* Provided records
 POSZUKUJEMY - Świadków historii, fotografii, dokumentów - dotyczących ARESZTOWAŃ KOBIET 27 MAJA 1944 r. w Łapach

...

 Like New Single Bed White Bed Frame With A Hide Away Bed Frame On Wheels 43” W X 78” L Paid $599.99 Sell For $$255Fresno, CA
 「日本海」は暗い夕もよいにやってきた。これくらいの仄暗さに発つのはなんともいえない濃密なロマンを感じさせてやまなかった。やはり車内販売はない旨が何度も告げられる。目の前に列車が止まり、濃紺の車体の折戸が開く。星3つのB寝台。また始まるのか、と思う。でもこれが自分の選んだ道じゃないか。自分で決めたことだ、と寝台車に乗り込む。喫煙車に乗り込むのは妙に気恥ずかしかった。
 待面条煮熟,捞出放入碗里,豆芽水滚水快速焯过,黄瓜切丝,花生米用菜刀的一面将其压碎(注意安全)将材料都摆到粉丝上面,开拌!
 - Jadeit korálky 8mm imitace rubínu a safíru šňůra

* What you are asked to do
Of all the entries above, repeat only the lines from the line that has "Like New Single" to the line that has "- Jadeit korálky", both lines included, exactly.

* Written answer
 Like New Single Bed White Bed Frame With A Hide Away Bed Frame On Wheels 43” W X 78” L Paid $599.99 Sell For $$255Fresno, CA
 「日本海」は暗い夕もよいにやってきた。これくらいの仄暗さに発つのはなんともいえない濃密なロマンを感じさせてやまなかった。やはり車内販売はない旨が何度も告げられる。目の前に列車が止まり、濃紺の車体の折戸が開く。星3つのB寝台。また始まるのか、と思う。でもこれが自分の選んだ道じゃないか。自分で決めたことだ、と寝台車に乗り込む。喫煙車に乗り込むのは妙に気恥ずかしかった。
 待面条煮熟,捞出放入碗里,豆芽水滚水快速焯过,黄瓜切丝,花生米用菜刀的一面将其压碎(注意安全)将材料都摆到粉丝上面,开拌!
 - Jadeit korálky 8mm imitace rubínu a safíru šňůra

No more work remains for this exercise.